» **RECORDS FOR THIS TASK**:
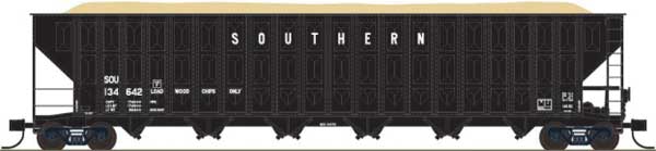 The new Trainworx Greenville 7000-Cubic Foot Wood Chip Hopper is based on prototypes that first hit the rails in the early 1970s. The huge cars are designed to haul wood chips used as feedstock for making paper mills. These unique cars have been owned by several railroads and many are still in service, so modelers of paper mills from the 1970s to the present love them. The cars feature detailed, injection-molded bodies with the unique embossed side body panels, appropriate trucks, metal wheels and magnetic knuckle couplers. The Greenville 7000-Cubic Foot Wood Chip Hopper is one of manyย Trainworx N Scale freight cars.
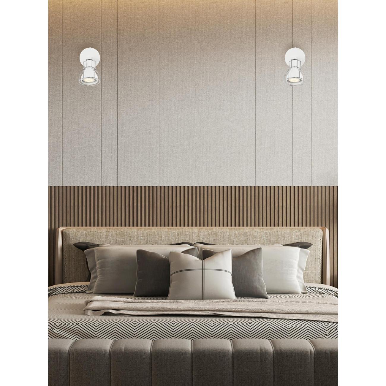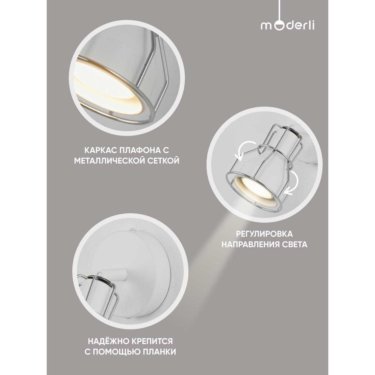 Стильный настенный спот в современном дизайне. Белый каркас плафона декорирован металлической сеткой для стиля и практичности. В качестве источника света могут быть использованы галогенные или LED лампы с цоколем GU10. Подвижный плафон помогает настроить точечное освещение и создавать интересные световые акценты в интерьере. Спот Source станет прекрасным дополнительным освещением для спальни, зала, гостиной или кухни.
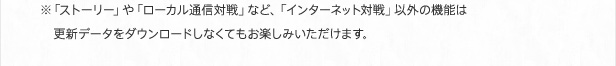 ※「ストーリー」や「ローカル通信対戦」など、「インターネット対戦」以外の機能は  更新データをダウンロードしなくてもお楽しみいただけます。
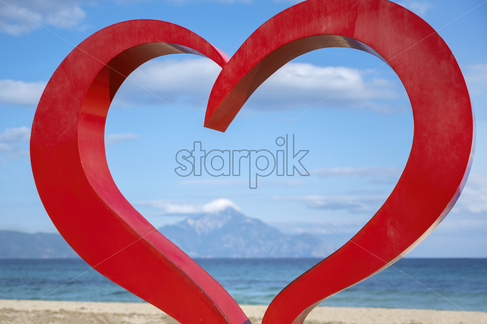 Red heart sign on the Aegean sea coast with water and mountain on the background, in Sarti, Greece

* * *

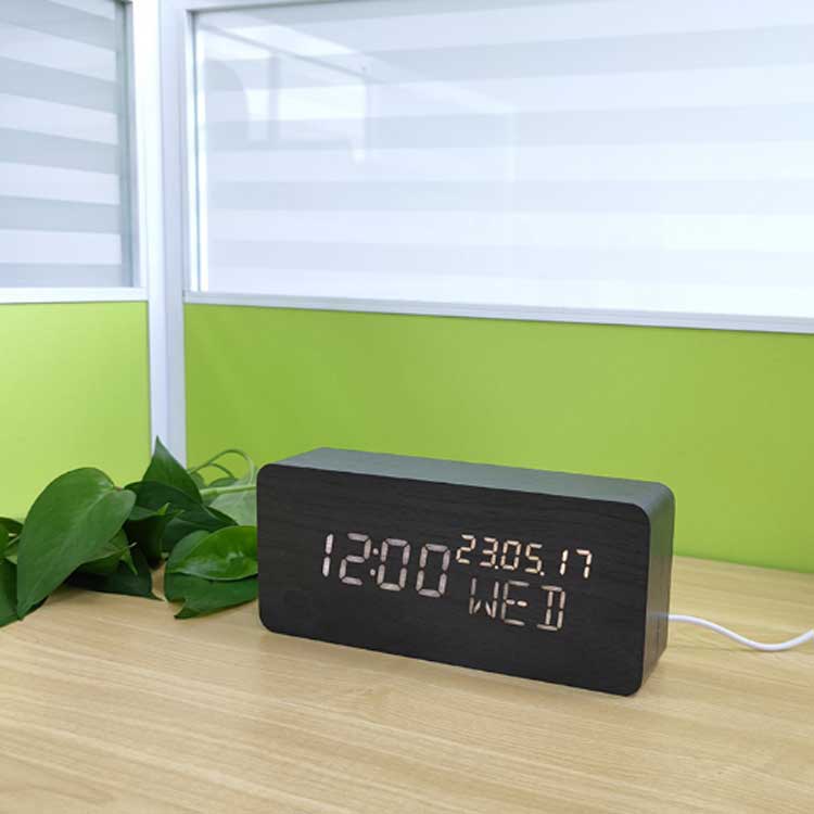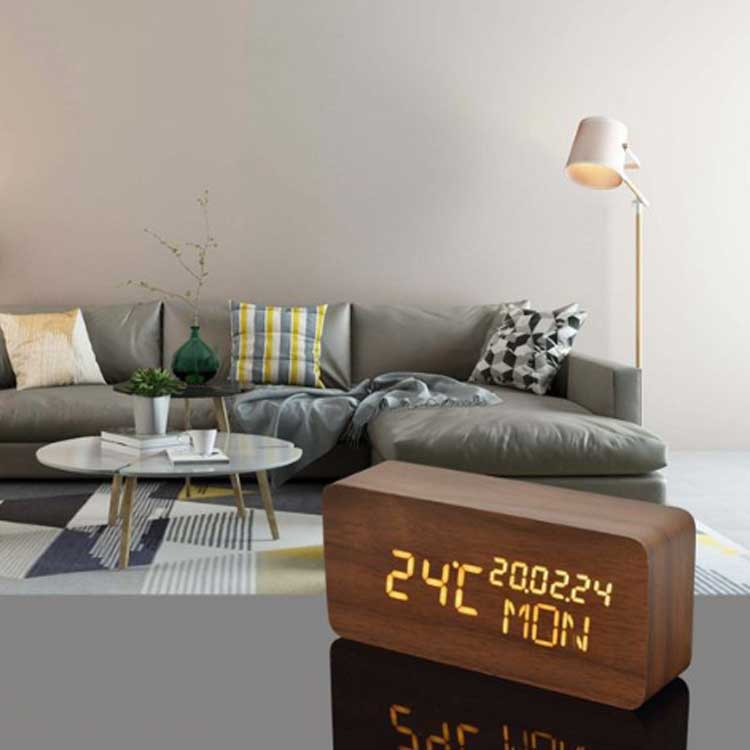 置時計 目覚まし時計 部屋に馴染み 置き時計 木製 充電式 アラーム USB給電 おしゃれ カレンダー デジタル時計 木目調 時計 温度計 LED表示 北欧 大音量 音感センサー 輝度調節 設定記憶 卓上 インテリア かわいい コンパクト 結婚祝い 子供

» **DIRECTIONS FOR THIS TASK**: Copy the lines above between the one holding "Стильный настенный спот" and the one holding "Red heart sign", inclusive. Drop the pictures.

» **EXPECTED OUTPUT**:
 Стильный настенный спот в современном дизайне. Белый каркас плафона декорирован металлической сеткой для стиля и практичности. В качестве источника света могут быть использованы галогенные или LED лампы с цоколем GU10. Подвижный плафон помогает настроить точечное освещение и создавать интересные световые акценты в интерьере. Спот Source станет прекрасным дополнительным освещением для спальни, зала, гостиной или кухни.
 ※「ストーリー」や「ローカル通信対戦」など、「インターネット対戦」以外の機能は  更新データをダウンロードしなくてもお楽しみいただけます。
 Red heart sign on the Aegean sea coast with water and mountain on the background, in Sarti, Greece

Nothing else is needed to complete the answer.